- The triangle breakdown on the daily chart may cause more bearish pressure if $1.5 support breaks.
- ChainLink is footing a short-term bullish pattern on the hourly chart with an inverse head-and-shoulder pattern.
- However, LINK’s bearish bias is still dominant on the long-term perspective.
|⠀Key LINK resistance levels:||$2.3, $3.1, $4|
|⠀Key LINK support levels:||$1.50, $1, $0.50|
*Price at the time of writing
LINK Long Term Price Prediction: Bearish
ChainLink is a decentralized platform aimed to close the gap between smart contracts on the blockchain and the real-world applications through the use of “oracles”. Since blockchain cannot generate or connect data outside their networks, oracles find and verify real-world data and send it on-chain for integration on smart contracts.
Having spotted as one of the biggest gainers in 2019, LINK later carves a symmetrical triangle, which eventually broke down after the mid-year bear market. Now, the cryptocurrency is trading near a prominent support area – marked grey on the daily chart. This support area of $1.50 is likely to provide a rebound.
A nice bounce would enable buyers to step back in the market as the LINK market could climb back to $2.3, $3.1 and $4 resistance. Nonetheless, the bulls are yet to show commitment as the bearish pattern remains valid at the moment.
However, a drive beneath $1.5 support would confirm a typical symmetrical triangle break to $1 and $0.5 support. ChainLink is currently deciding on whether to break or bounce. We may need to wait for a confirmation before stepping into the market.
LINK Medium Term Price Prediction: Bearish
ChainLink is shaping bearishly inside a medium-term channel. Looking at the channel pattern, a bullish move is likely to play out. This should happen as soon as buyers return to the market. After the channel fakeout in mid-December 2019, the price has remained below $1.98.

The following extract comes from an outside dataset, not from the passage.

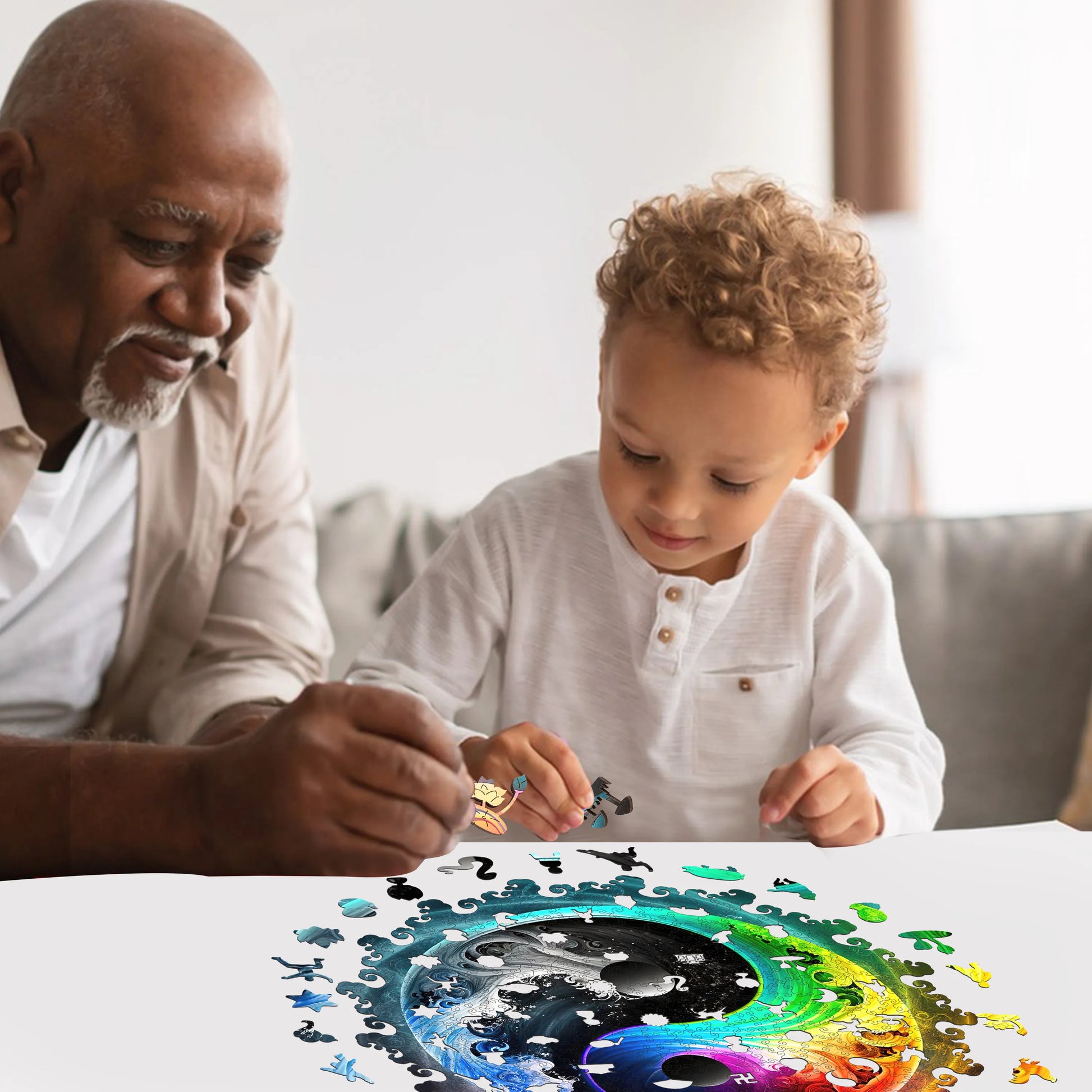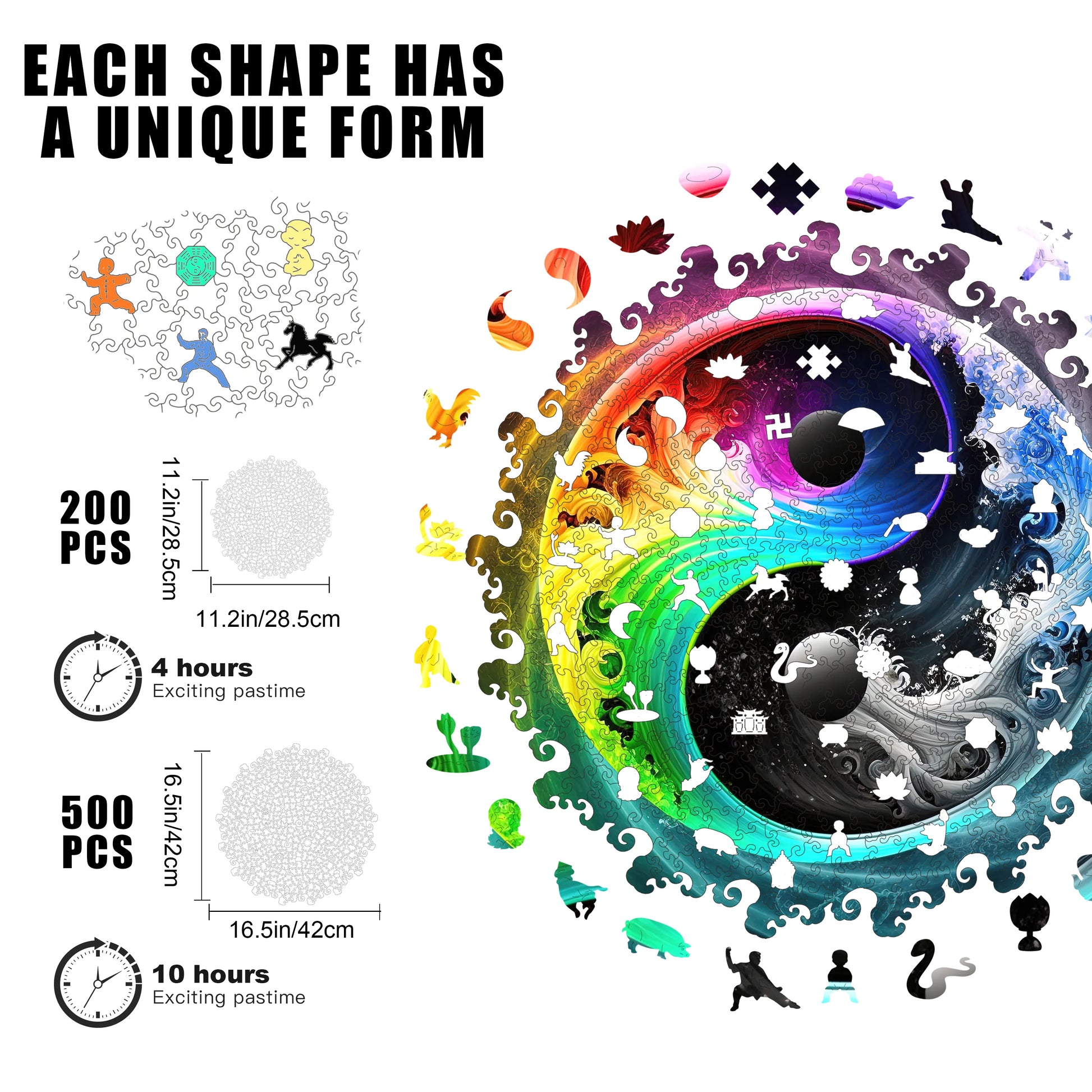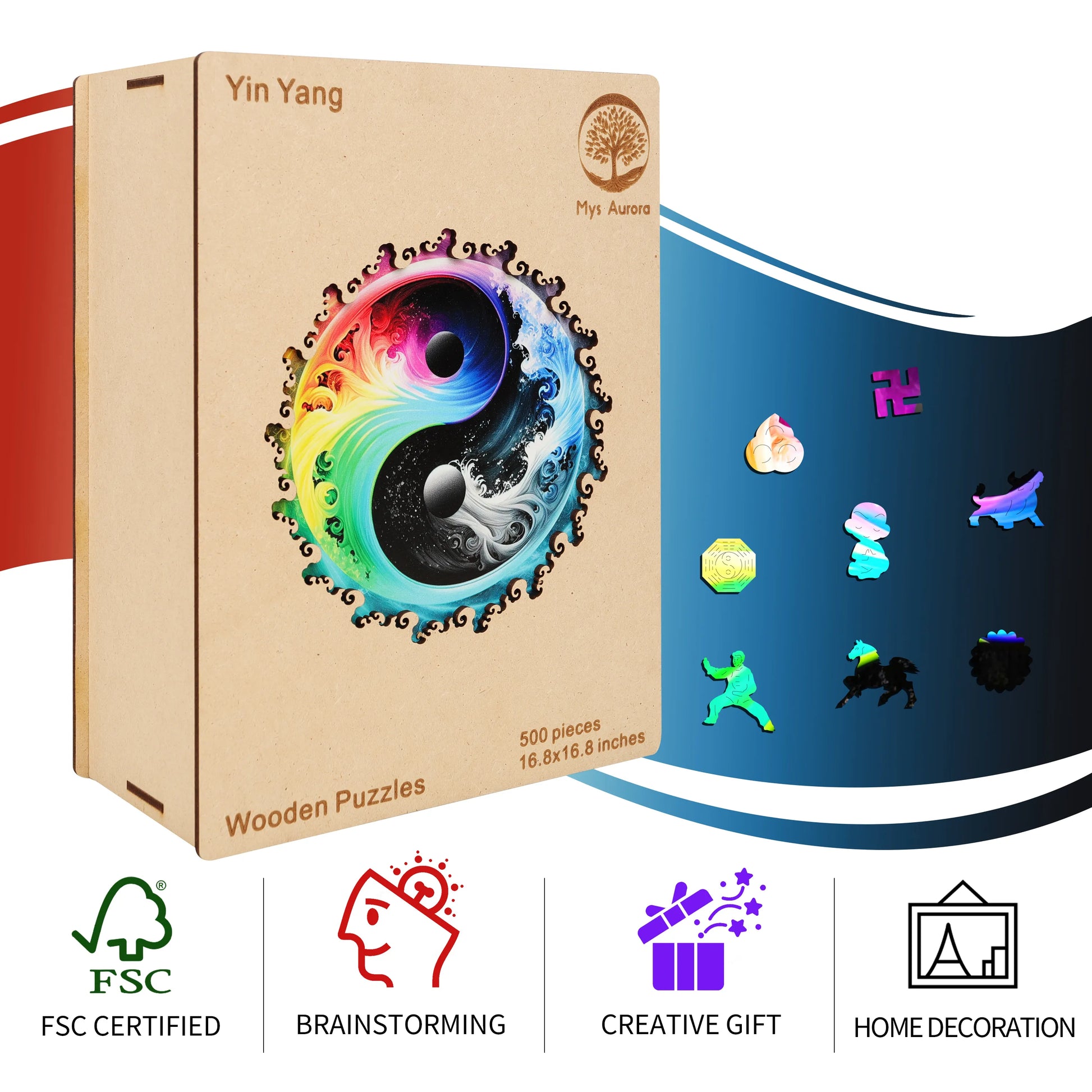 The puzzle is inspired by nature, colorful, unique wooden puzzle. Original and vivid hand-painted art, which is fascinating and worthy of being used as an aesthetic home decoration. Mysterious patterns and small pieces of east eggs give you the ultimate puzzle experience.

LINK, the 19th largest cryptocurrency by market cap is now priced at $1.8. If the buyers can push the price above the channel boundary to surpass the first grey resistance area of $1.98, we should anticipate buying to $2.1, $2.3 and $2.47 in no time. On the other hand, the bearish trend would continue to flag if the current support of $1.7 breaks.
LINK Short Term Price Prediction: Bearish
The recent recovery from the medium-term descending trend line has brought an inverse head-and-shoulder pattern on the short-term perspective. The bullish pattern is yet to complete with a break on the neckline. If such a scenario occurs, the typical projection is $2 considering the price range of the head. Though, LINK is still in a downtrend. We can expect an uptrend soon.
A false move may continue to keep the market in a downward range. In such a case, the $1.75 and $1.69 supports are likely to provide a level for selling pressure. A drive below these supports may cause more weakness in the market. But as it stands now, the bulls are more likely to assume control of the market in a short-term.
LINK appeared to have found support around $1.5. If this support firmly bolsters, a moderate gain is expected to $3 in no time. More so, the inverse H&S pattern on the short-term is an indicator of a bullish move. However, if the supply outweighs demand, ChainLink might remain bearish until buyers regroup well.